The determination of GEs was carried out as described in the Cd 29a-13 AOCS official method [15]. A portion of 0.1 g of the oil samples was weighed into a 10-mL glass tube with the addition of 100 μL mixed internal standard solution (containing C16:0-GE-d5 corresponding to 2.5 μg/mL of glycidol) and dissolved in 2 mL of tetrahydrofuran (THF). A volume of 30 μL of an NaBr acid aqueous solution (3.3 mg/mL, 5% H2SO4) was applied to convert the GEs to 3-monobromo-1,2-propanediol esters (3-MBPDEs). The mixture was homogenized and incubated at 50 °C for 15 min. The reaction was stopped by the addition of 3 mL 0.6% NaHCO3 (w/v), and the target compounds were extracted with 2 mL n-heptane. The upper layer was transferred to an empty glass tube and evaporated at 40 °C with a stream of N2 and the residue was dissolved in 1 mL of THF. The transesterification reaction was performed at 40 °C for 16 h after adding 1.8 mL 1.8% sulfuric acid solution in methanol (v/v) to the THF solution. The reaction was stopped by the addition of 0.5 mL 9% NaHCO3 (w/v), and the organic solvents were evaporated at 40 °C under a N2 stream. Fatty acid methyl esters were removed from the sample by adding 2 mL of 20% Na2SO4 (w/v), followed by liquid-liquid extraction with 2 × 2 mL of heptane. Free-form 3-MBPD was then derivatized with 200 μL of a 250 mg/mL phenylboronic acid (PBA) solution (acetone:H2O 19:1, v/v) incubated in an ultrasonic bath at room temperature for 5 min. PBA derivatives were extracted with heptane (2 × 1 mL), and evaporated at 40 °C with a stream of N2. The residue was re-dissolved in 400 μL n-heptane, and filtered through a 0.22-µm hydrophilic PVDF membrane.

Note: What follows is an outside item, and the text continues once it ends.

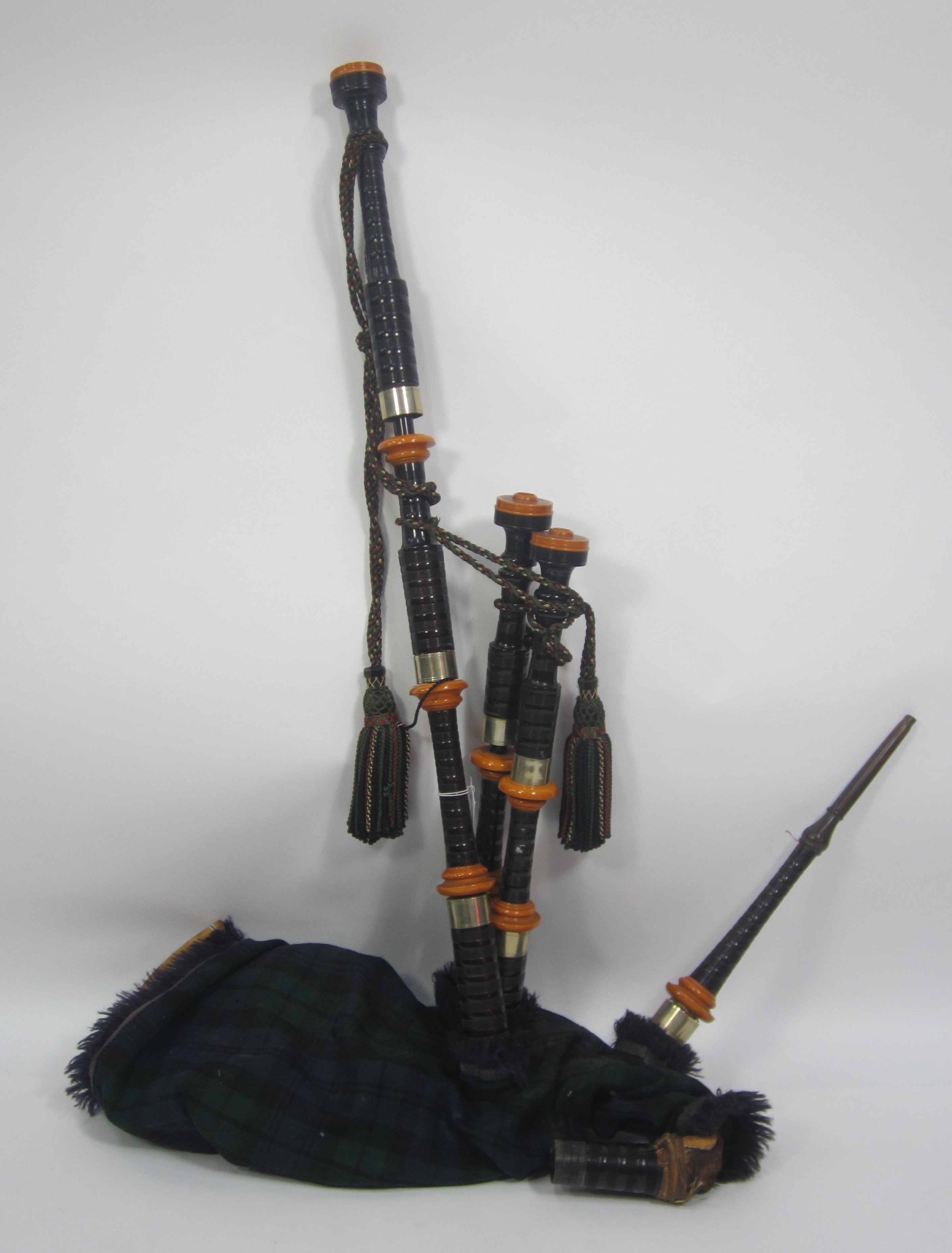 of traditional form, with turned hardwood drones, chanter and mouthpiece, with blue and green tartan covered leather bag, the chanter signed 'R.G. Lawrie, Edinburgh'; together with another chanter, ivorine mounted signed 'Alexander'

GC-MS analyses were carried out on an Agilent 7820A GC equipped with an Agilent 5977b inert single quadrupole MS (Agilent Technologies, Santa Clara, CA, USA) operated in electron ionization (EI) mode at 70 eV. Separation was achieved using a DB-5MS capillary column (30 m × 250 μm × 0.25 μm, Agilent Technologies). An aliquot of 1 μL of the sample extract was injected into the split/split-less injector in a pulsed split-less mode at 250 °C. Helium was used as the carrier gas at a constant flow rate of 1.2 mL/min. The transfer line temperature was set to 300 °C. The oven temperature program was as follows: initial temperature of 80 °C held for 1 min, from 80 to 120 °C at 10 °C/min, held for 1 min, from 120 to 156 °C at 3 °C/min, and from 156 to 300 °C at 36 °C/min, held for 9 min. The target analytes were detected in the selected ion monitoring (SIM) mode. The following ions were monitored: m/z 147 and 196 for 3-MCPD, m/z 240 and 147 for 3-MBPD, m/z 150 and 201 for the 3-MCPD-d5 internal standard, and m/z 245 and 150 for the 3-MBPD-d5 internal standard. All samples were determined in triplicate. Results for GEs are expressed in equimolar amounts of glycidol (glycidol equivalents).

4. Conclusions

In this work, we successfully developed a new UPLC-ELSD method for quantitating individual GE species in refined edible oils. The selectivity of this method was achieved through complete separation of five target GE species using an optimized reverse-phase UPLC system equipped with a C18 column. The developed method was validated in terms of fitted quadratic regression curves, sensitivity, precision, and accuracy, and all results met the acceptance criteria of the official method validation guidance. The analytical performance was comparable to GC-MS method when determining total glycidol equivalents of actual oil samples, demonstrating this method was suitable to quantify individual GE species containing glycidol equivalents higher than 0.6 μg/g oil and could only be applied for precursory screening and research purposes.